13-LGSs were euthanized by decapitation under terminal isoflurane anesthesia prior to enucleation of the globes and dissection of the neural retina into small fragments with vannas scissors (Fine Science Tools, Heidelberg, Germany). Enzymatic dissociation of 13-LGS retina fragments was performed with papain (Worthington, Lakewood, NJ, USA), as described previously. After dissociation, cells were incubated on ice for 1 h under gentle rocking with chicken anti-MWS opsin (JH 6105) and rabbit anti-SWS opsin (JH 455) antisera (a kind gift from Dr. Jeremy Nathans, Johns Hopkins) at a concentration of 1:200 in PBST containing 3% BSA. After washing (FACS buffer), cells were incubated with goat anti-chicken Alexa Fluor 488 (1:200 in 3% BSA, Molecular Probes, Eugene, OR, USA) and goat anti-rabbit Alexa Fluor 405 (1:200 in 3% BSA, Invitrogen, Carlsbad, CA, USA) secondary antibodies at 4°C for 1 h. The expression of mCherry, MWS opsin, and SWS opsin was then quantified with a BD LSRII flow cytometer (Franklin Lakes, NJ, USA). Dissociated cells harvested from a sham-injected 13-LGS were used to generate the following gating controls: no antibody (unstained) and single primary antibody (MWS and SWS opsin separately). Part of the dissociated cells harvested from vector-injected 13-LGS without antibody staining were used as a Texas red gating control. Ten thousand events were recorded for each sample in FACSDiva software (BD Biosciences, San Jose, CA, USA). Further analysis of the samples of graphical display of the results was completed with cytometry data analysis software (FlowJo, Ashland, OR, USA).

Full-field ERG

Animals were dark-adapted 30 min prior to ERG recording and handled under red dim light throughout the procedure. The experiment was performed on an Espion E2 system (Diagnosys LLC, Cambridge, UK) as previously described. Briefly, ground electrodes were inserted at the scalp and haunch, and reference electrodes were positioned on the corneal surface of both eyes.
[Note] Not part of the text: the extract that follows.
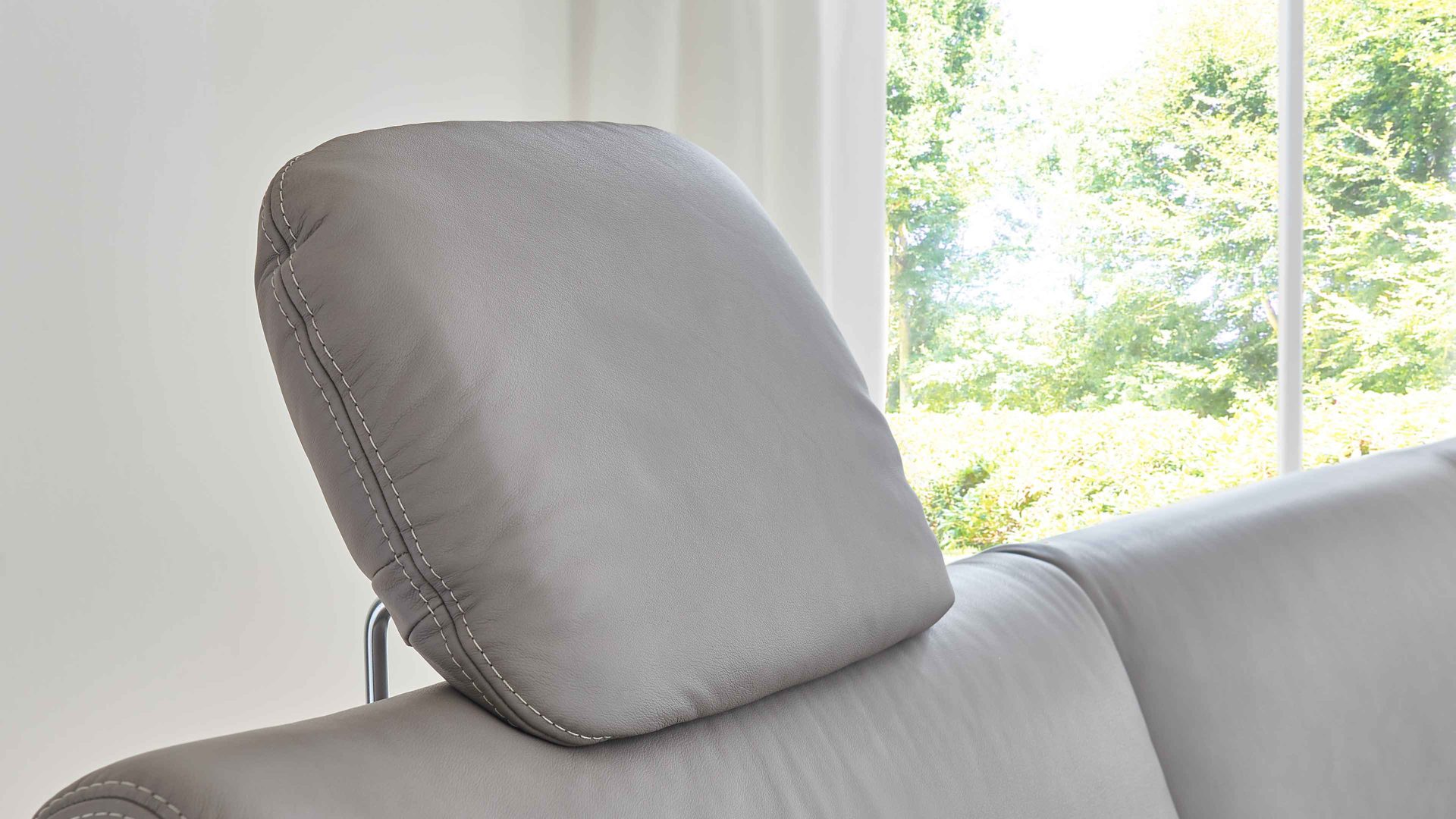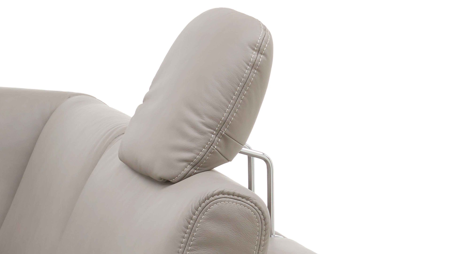 Die Comfort-Kopfstütze CKS fungiert als Mehrpreis-Zubehör für diverse Elemente aus der Modulmaster-Polsterserie MM-PN1102. Sie ist mit granitfarben pigmentiertem Glattleder bezogen und mit einer Kopfstützenvorrichtung aus verchromtem Metall ausgestattet.

The scotopic ERG includes 5-log series single-flash stimuli with gradually increased luminance (−4 to 1 log cd⋅s/m2). After 10 min light adaption in a 25 cd/m2 white background, photopic ERGs were performed with gradually increased single-flash stimuli (0-, 0.48- and 1-log cd⋅s/m2). For ERG data analysis, a- and b-waveforms were manually identified by Diagnosys Espion E3. The amplitude values were exported into GraphPad Prism 8 for statistical analysis.

Statistical analysis

For the flow cytometry analysis, one-way ANOVA with Tukey post hoc assay was used for comparing the numbers of transduced photoreceptors between injection routes and volumes, with a confidence level of 95% (α = 0.05). For ERG analysis, two-way ANOVA with Tukey post hoc assay with a 95% confidence interval (α = 0.05) was used for comparing a- and b-wave amplitudes pre-, 1 week post-, and 4 weeks post-injection.